In the moving heat bath’s rest frame, heat exchange is assumed to occur isothermally (as per the classical Carnot cycle) when both the engine and the heat bath are at rest with respect to each other. From this perspective, everything should be as it is classically. There should thus be no additional work required other than that resulting from heat exchange. What was thought of as work done to the system in the Planck–Einstein formulation should instead be understood as part of heat exchange in the Einstein–Ott proposal. Without the translational work term in the equation for work, the moving temperature transformation is instead given by (Liu Reference Liu1992, 197–198):

(16) $$T{\rm{'}} = \gamma {T_0}.$$

Contra (15), a moving body’s temperature appears hotter.

I won’t pretend to resolve the debate. However, note that this procedure is equivocal about relativistic temperature: it either appears lower (on the Planck–Einstein formulation) or higher (on the Einstein–Ott formulation) than the rest-frame temperature.
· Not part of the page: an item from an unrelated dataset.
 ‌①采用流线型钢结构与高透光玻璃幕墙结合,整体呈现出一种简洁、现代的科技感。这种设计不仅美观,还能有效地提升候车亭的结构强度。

Importantly, both proposals reduce to ${T_{{\rm{classical}}}}$ in the rest frame; translational work vanishes in this case on both proposals. ${T_{{\rm{classical}}}}$ seems safe, though its relativistic counterpart’s fate remains undecided.

I end by briefly raising skepticism about relativistic Carnot cycles, by asking whether there’s a principled answer to whether energy flow should be understood as “heat” or “work” here. As Haddad observes:

In relativistic thermodynamics this decomposition is not covariant since heat exchange is accompanied by momentum flow … there exist nonunique ways in defining heat and work leading to an ambiguity in the Lorentz transformation of thermal energy and temperature. (Haddad Reference Haddad2017, 39)
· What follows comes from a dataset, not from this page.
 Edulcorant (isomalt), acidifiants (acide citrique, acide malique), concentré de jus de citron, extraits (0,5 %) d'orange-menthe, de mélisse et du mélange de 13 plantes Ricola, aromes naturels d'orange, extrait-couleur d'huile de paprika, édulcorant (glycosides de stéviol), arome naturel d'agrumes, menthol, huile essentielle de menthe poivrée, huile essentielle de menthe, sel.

Since heat flow is accompanied with momentum flow, heat exchange can always be reinterpreted as work done (i.e., as the translational work term). This raises doubt about the very applicability of thermodynamics beyond the rest frame (i.e., CT in quotidian settings), given the fundamentality of heat and work relations in thermodynamics.

4.2. Co-Moving Thermometer

That relativistic thermodynamics is essentially “just” quotidian CT is echoed by Landsberg (Reference Landsberg, Edward, Gal-Or and Alan1970), who employs the procedure of using thermometers (and the temperature concept they establish) via co-moving thermometers:

One has a box of electronics in both [the relatively moving frame] and [the rest frame] and one arranges, by the operation of buttons and dials, to note in [the relatively moving frame] the rest temperature ${T_0}$ of the system. This makes temperature invariant. (259)
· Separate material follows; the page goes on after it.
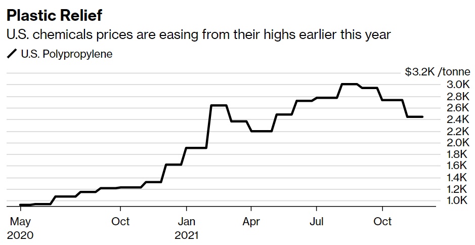 用于生产日常塑料的化学品的价格开始从历史高位回落,这对美国40年来速度最快的通货膨胀起到了缓解作用。

A system’s co-moving temperature is stipulated to be its relativistic temperature. But this is simply its rest-frame temperature. On this proposal, the Lorentz transformation is:

(17) $$T{\rm{'}} = {T_0}.$$

This proposal can be seen as an extension of ${T_{{\rm{classical}}}}$ , in the sense that there’s some proposed Lorentz transformation. In practice, though, nothing is different from the classical application of thermometers: we are measuring the rest-frame temperature of the system, as in CT. Landsberg partly justifies this with the claim that “nobody in his senses will do a thermodynamic calculation in anything but the rest frame of the system” Landsberg (Reference Landsberg, Edward, Gal-Or and Alan1970, 260). Contrary to the relativistic Carnot cycle, relativistic temperature transforms as a scalar, as per many relativistic thermodynamics textbooks (e.g., Tolman Reference Tolman1934).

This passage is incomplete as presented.